A built-in tool type that renders interactive HTML visualizations directly in the chat. When invoked, the LLM authors a complete HTML document for the requested visualization (charts, diagrams, dashboards) and it renders inline in the chat inside a sandboxed iframe — supporting Tailwind CSS and external visualization libraries (Chart.js, Mermaid, D3, Plotly) loaded via CDN.

The in-product tool description reads: "Renders an interactive HTML visualization in the chat. Provide a description and data — the tool generates the HTML automatically using available libraries (Chart.js, Mermaid, D3, Plotly, etc.)."

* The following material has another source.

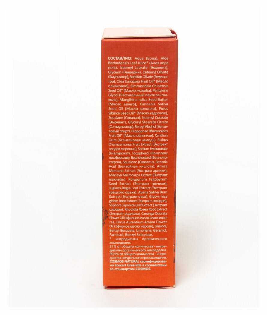 Состав: aqua (вода), aloe barbadensis leaf juice (алоэ вера гель), cannabis sativa seed oil (масло конопли), glycerin (глицерин), cetearyl olivate (эмульгатор), sorbitan olivate (эмульгатор), simmondsia chinensis seed oil (масло жожоба), rosa canina fruit oil (масло шиповника), olea europaea fruit oil (масло оливковое), squalane (сквалан), pinus sibirica seed oil (масло кедровое), pentylene glycol (растительный пентиленгликоль), linum usitatissimum (linseed) seed oil (масло льняное), glyceryl stearate citrate (со-эмульгатор), benzyl alcohol (бензиловый спирт), xanthan gum (ксантановая камедь), rubus chamaemorus fruit extract (экстракт морошки), sodium hyaluronate (гиалуронат), benzoic acid (бензойная кислота), tocopherol (комплекс токоферолов), beta-sitosterol (бета-ситостерол), squalene (сквален), camellia sinensis leaf extract (экстракт зеленого чая), macleya microcarpa extract (экстракт маклейи), juglans regia leaf extract (экстракт грецкого ореха), petroselinum crispum seed extract (экстракт петрушки), foeniculum vulgare seed extract (экстракт фенхеля), ginkgo biloba leaf extract (экстракт гинкго-билоба), eleutherococcus senticosus root extract (экстракт элеутерококка), equisetum arvense extract (экстракт хвоща), cananga odorata oil (эфирное масло иланг-иланг), citrus aurantium amara flower oil (эфирное масло нероли), linalool, benzyl benzoate, limonene, geraniol, benzyl salicylate, farnesol

Add Tool — Data Visualization Settings → Tools → Create Tool — Data Visualization appears in the Add Tool list alongside User Memory, Context Memory, Agent to Agent, and other built-in types Data Visualization Configuration Dialog Data Visualization tool configuration — Tool Name, Description, Visualization Instructions, Max Output Tokens (default 16000), Temperature (default 0.2) Inline Data Visualization Sample Product Pricing Analysis rendered inline in chat — Account Manager card, Inventory Pricing Summary table with per-product original price, discount, final price and status, plus totals

Key Capabilities

  • Built-in tool type — Data Visualization appears as a new entry in the Add Tool list alongside Agent to Agent, User Memory, Context Memory, Human Agent, Salesforce / HubSpot Create Lead, etc.
  • Sandboxed rendering — Generated HTML renders inside an iframe in the chat, free to use external CDN libraries and Tailwind CSS without affecting the host page.
  • Author-controlled defaults — Visualization Instructions are appended to the system prompt for the generation call, so admins can lock in brand colors, chart defaults, and styling preferences without re-stating them on every query.

Configuration Fields

Field Required Default Description
Tool Name Yes Display name of the tool instance
Description / Tool Selection Instructions Yes Prompt instructing the LLM when to use this tool
Visualization Instructions No Additional instructions for HTML generation (e.g., brand colors, styling preferences, chart defaults)
Max Output Tokens No 16000 Max tokens for HTML generation. Leave empty to use the agent's chat output token limit
Temperature No 0.2 Creativity of HTML generation. Lower values produce more deterministic output. Leave empty to use the agent's chat temperature

How to Configure & Use

  1. Create the tool — Navigate to Settings > Processors > Tools > Create Tool and select Data Visualization from the Add Tool list.
  2. Configure parameters — Fill in Tool Name, Description, optional Visualization Instructions, and tune Max Output Tokens / Temperature if needed, then Save.
  3. Add to an agent — Open the target agent's Settings > Tools section → Add, search for the tool by name, and select it from the picker.
  4. Generate visualizations — The agent now renders visualizations inline in chat based on the user's prompt — e.g., a product pricing analysis card showing per-product original price, discount, final price and status, with totals.

Available Libraries

Library Use Case
Chart.js Bar, line, pie, and other standard charts
Mermaid Flowcharts, sequence diagrams, Gantt charts
D3 Complex, custom data visualizations
Plotly Interactive scientific and statistical charts
Three.js 3D visualizations
Anime.js Animations
KaTeX Mathematical notation
Markmap Mind maps

Rules for AI-Generated Visualizations

  • Use only Tailwind CSS classes for styling (loaded automatically)
  • Only request libraries actually used
  • Write clean, self-contained HTML with inline <script> tags
  • Content renders inside an iframe — no external navigation or form submissions
  • Keep visualizations responsive and accessible

Assigning Tools to Agents

  1. Navigate to Agent Settings > Tools
  2. Click "Add Tool"
  3. Select a configured tool from the list
  4. Configure tool-specific settings for this agent
  5. Click "Save"

Tool Configuration Scope

Changes to tools at the workspace level (Settings > Processors > Tools) do not automatically propagate to existing agent configurations. To update a tool for an agent, edit it directly within the agent's tool configuration.